“It is well past time that I go for a checkup, and I need to have some plaque removed, as my teeth make a lot of tartar for some reason. I am seeing ads for ultrasonic plaque removal. Is this a reality, or is this just some clever advertisement? How do you remove plaque with soundwaves? Is it better for you, are there any side effects?”
Plaque removal is traditionally done with a scaler. A traditional scaler is made out of metal, and the dentist scrapes the plaque off of the tooth surface, being careful not to hurt the enamel. Because of the nature of the scaler, the dentist also had to go underneath the gum line, and scrape the tooth roots for plaque and remove that as well. This way, the plaque is removed mechanically, by hand, and with the force of the scaler scraping against the hard outer tooth surface.

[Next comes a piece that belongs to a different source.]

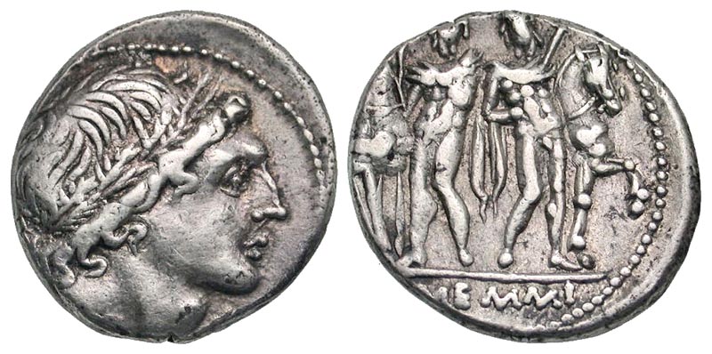 Crawford notes that this moneyer may have traveled to Egypt and the unusual depiction of the Dioscuri may have been based on Egyptian artwork.

With a scaler, the process is somewhat more complicated, but in the end actually less irritating and involving less contact as well. The dentist will use a scaler just like before, but except for a metal hook at the end of the scaler, there is an ultrasonic piece, and a steady stream of water. The piece vibrates, generating ultrasounds, and the water is lukewarm. The way it works is that the ultrasound vibrates your tooth, and all of the plaque and tartar that is stuck on gets shaken loose, and the stream of warm water will wash the now free gunk off of your teeth. The water even gets underneath your gum line, washing out the plaque that is loosened up there as well. This way, the dentist does not have to go physically below your gum line, which means less discomfort, less irritation and you are getting the same quality and level of cleanliness.
The ultrasounds cannot harm your teeth at all. You see, your enamel and tooth structures are harder than plaque or tartar, and thus the ultrasound is strong enough to break up tartar but not strong enough to crack, dislodge or otherwise hurt your enamel. This is why ultrasounds are safe, as a matter of fact, much safer than hand held scalers. This way, nothing actually touches your enamel, and nothing scrapes it at all. The warm water gets everywhere where a scaler can, and thus everything that is softer than the enamel gets dislodged and washed out of your mouth. As you can see, the use of ultrasonic hand held devices is not just a clever marketing ploy, it is actually a meaningful replacement of the more primitive hand held scaler.